The latest Central Bank of Kenya (CBK) data shows this is also one of the sharpest monthly increases in recent history. The defaults put a figure to the struggles of workers and businesses in an economy that is yet to fully recover from a coronavirus-induced slump, which triggered job cuts and shut businesses.

The share of non-performing loans also rose to a new high of 14.7 percent in June—a higher ratio than the 14.55 percent recorded in March 2021 when Kenya was battling Covid-19 economic hardships. Lenders say the most affected borrowers are in the construction sector, especially road contractors.

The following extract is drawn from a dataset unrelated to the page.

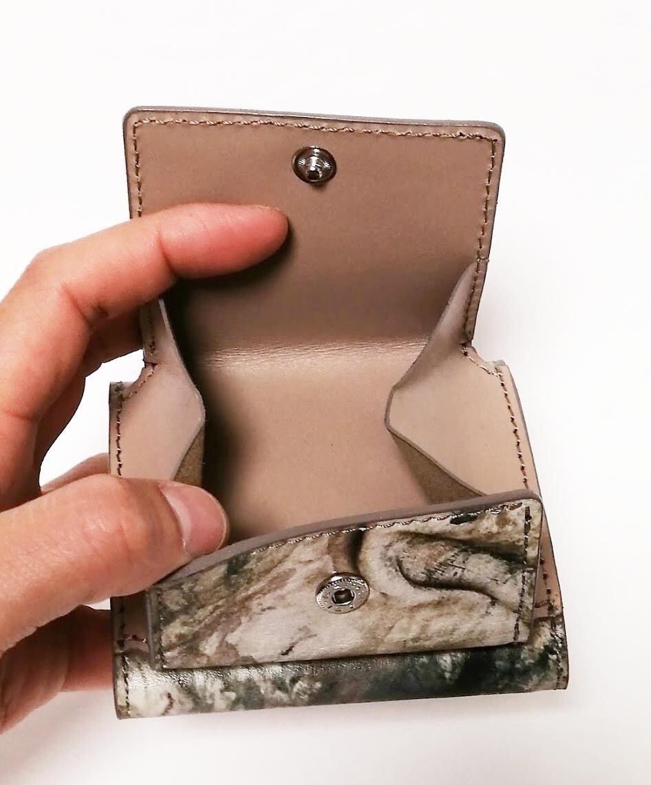 牛革にインクジェットを施したトリフォールド(三つ折り)ウォレットになります。 内側も総革で紙幣入れとカード入れが3箇所、外側に小銭入れがあります。 サイズ 縦8.3cm 横9.0cm 厚さ4.0cm(使い込むと厚みは薄くなっていきます。)

Other big defaulters are in the hospitality sector after lockdowns cut global tourism. Manufacturers are also defaulting on loans due to reduced demand for goods following high inflation driven by a jump in the price of essential items like cooking oil, food, fuel and soap that have squeezed household budgets and in turn shrank demand for goods and services.

The defaults are set to trigger painful auctions and repossession of assets, which will leave borrowers even worse off. It is important for policymakers to intervene and stop further rises in cost of loans even as they put in place credit guarantee schemes that cushion lenders in the event of such spikes in defaults.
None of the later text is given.